Le Rassemblement National entend apporter des solutions à l’ensemble des catégories visées par l’OMS, et ce sans distinction. En effet, le matériel et les prestations médicales coûtent extrêmement chers (en moyenne 3.000 € pour un fauteuil roulant électrique, avec des modèles dépassant 20.000 €). Ces montants, hors de prix pour une majorité de foyers français, peuvent être pris en charge par l’Assurance maladie. Cependant, certaines personnes ont besoin de changer de matériel ou de bénéficier de nouvelles prestations, alors même que les délais permettant l’ouverture de nouveaux droits ne sont pas atteints.

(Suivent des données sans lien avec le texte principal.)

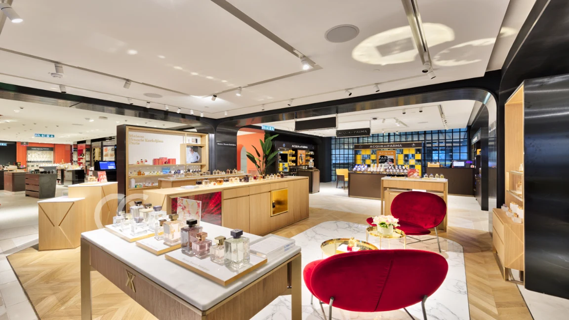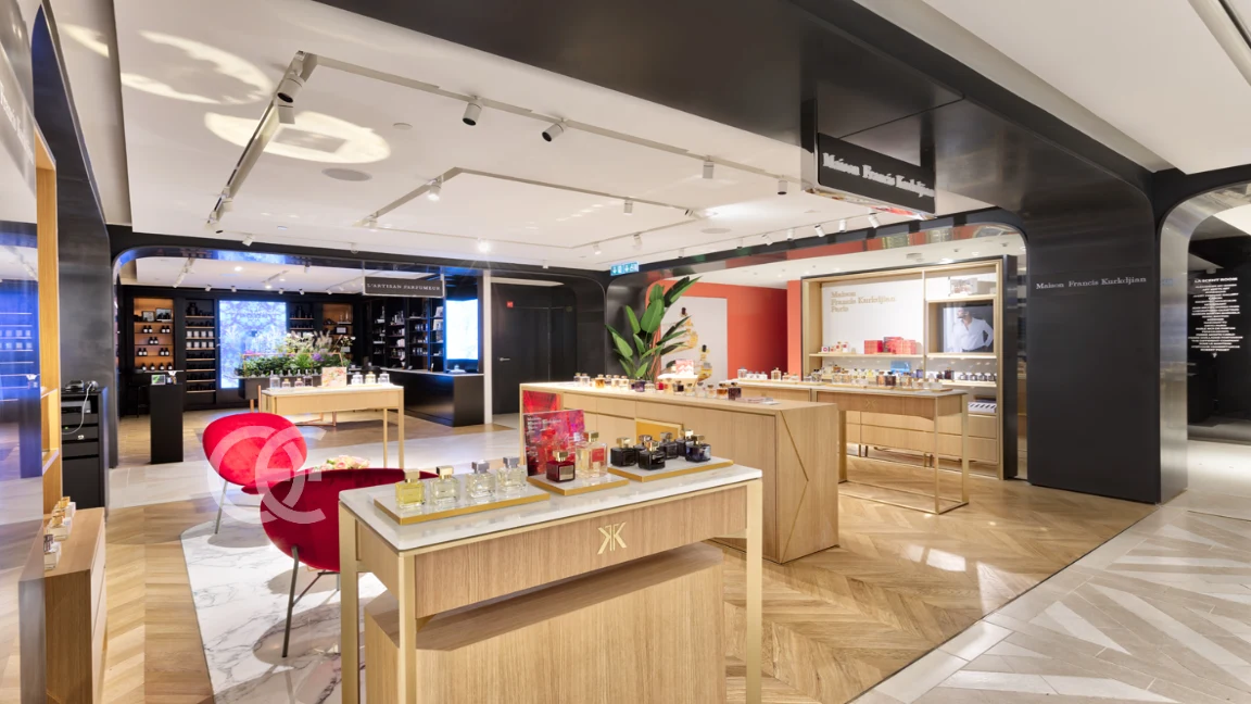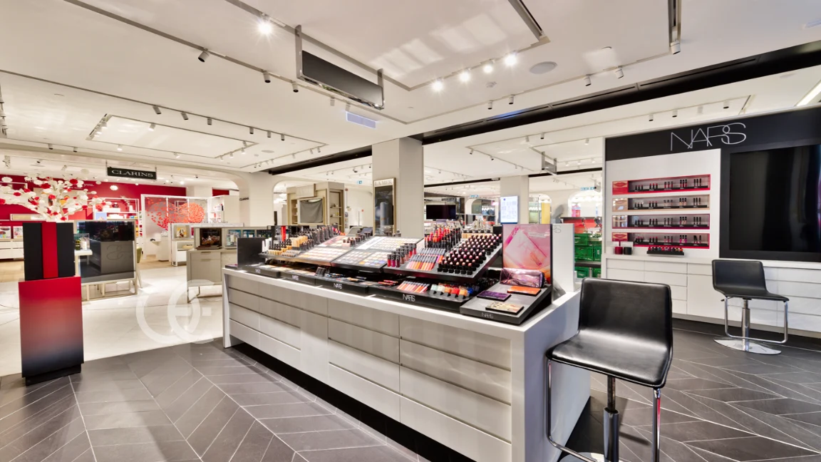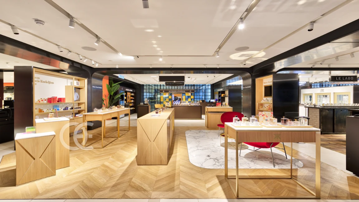 ✅ Backlit slatwall/slotwall bays for fragrance wall displays.

Par définition, un enfant n’a pas fini sa croissance et a besoin d’adapter son appareillage en fonction de son âge. Généralement, les droits sont ouverts pour des périodes allant de 2 à 5 ans. Or, à l’évidence, un enfant en situation de handicap ne peut rester avec le même appareillage à ses 3 ans puis ses 4 ans, ce d’autant que l’inadaptation de l’appareillage pose la question de l’inclusion dans la société. Si la personne n’a plus un appareil adapté, il lui sera compliqué d’aller à l’école, au travail, ou tout simplement de sortir de chez elle. Le cas des enfants est le plus parlant, mais ces situations sont également vécues par de nombreux adultes, qui connaissent un changement morphologique rapide ou une évolution de leur handicap.

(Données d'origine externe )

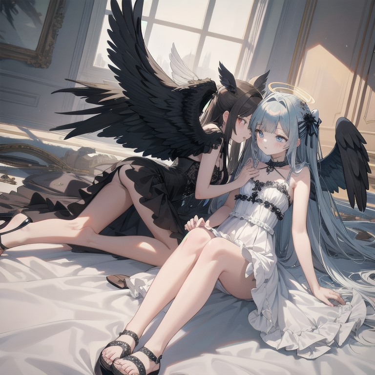 (masterpiece, best quality:1.3), illustration, (extream detailed), one girl, angel Descending

Notre modèle social doit être en mesure de répondre à la complexité de l’évolution du handicap de chacun. Il convient de mettre fin à ces injustices qui excluent de la société une part importante de nos concitoyens. Pour ce faire, cet amendement vise à demander au Gouvernement la remise d’un rapport au Parlement relatif à l’opportunité de rendre possible le remboursement si nécessaire du matériel et des prestations mentionnés à l’article L165‑1 du Code de la sécurité sociale, et ce même si le délai d’ouverture de nouveaux droits n’est pas arrivé à échéance.
Cet amendement vise à demander au Gouvernement la remise d’un rapport au Parlement sur la possibilité de rembourser si nécessaire le matériel et les prestations mentionnés à l’article L165‑1 du Code de la sécurité sociale, et ce même si le délai d’ouverture de nouveaux droits n’est pas arrivé à échéance.